In the current issue of The Forum, Georgetown political scientist Hans Noel has an excellent piece on political myths called "The Ten Things Political Scientists Know That You Don't." It's lengthy, something you should set aside for when you have some spare time during the day, but it's worth reading in full. That said, there is one point I want to highlight now, because it will be very salient in about three weeks:
Take items #1, #2, and #3 together, and it is hard to interpret elections the way that politicians and pundits want us to. Economic fundamentals guide voters who might not have well-defined attitudes to vote in a system that cannot satisfy all the demands of democratic decision-making. This is not a formula for sending a clear message to anyone. [...]

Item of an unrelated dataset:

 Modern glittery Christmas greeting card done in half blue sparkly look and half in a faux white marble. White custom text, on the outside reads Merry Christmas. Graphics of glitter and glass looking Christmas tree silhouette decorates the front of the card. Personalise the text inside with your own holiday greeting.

These narratives are created after the fact by people who want you to think one thing or another. Winners claim a mandate to change everything, and losers explain it all away as an anomaly. But exit polls saying that some voters cared about some things are thin reeds on which to spin out the will of the people.

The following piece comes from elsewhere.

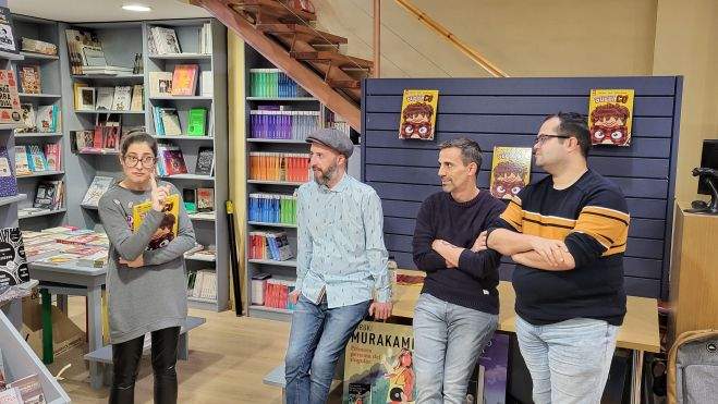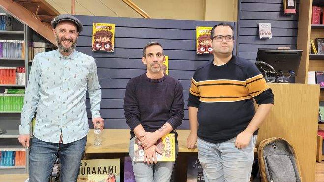 El humorista, que es el autor del guión, ha presentado este volumen en la librería oscense Másdelibros, que ha acogido este momento histórico con una sesión especial del Evento Cómic, presentada por Cristina Hombrados. También han acudido a la cita el dibujante Bernal, uno de los exponentes del humor gráfico de nuestro país, y el colorista Guillermo Montañés, igualmente uno de los mejores en su especialidad.

Noel presents this as proof that "there's no such thing as a mandate," and I accept it. Americans aren't particularly ideological, don't know much about politics or policy, and hold incoherent views about virtually everything. At this point, Republicans are guaranteed to make significant electoral gains; Nate Silver gives the GOP a 72 percent chance of winning a majority in the House, and most forecasters predict a 7 or 8 seat gain in the Senate.
The odds are good that the media will describe this as a mandate for conservative "change," but given the extent to which external conditions and turnout will (probably) rule the day, it's nearly impossible to say anything conclusive about what Americans want out of the results. Also, for what it's worth, it only applies to the 2008 election, and probably explains some of the initial backlash faced by President Obama in the middle days of last year.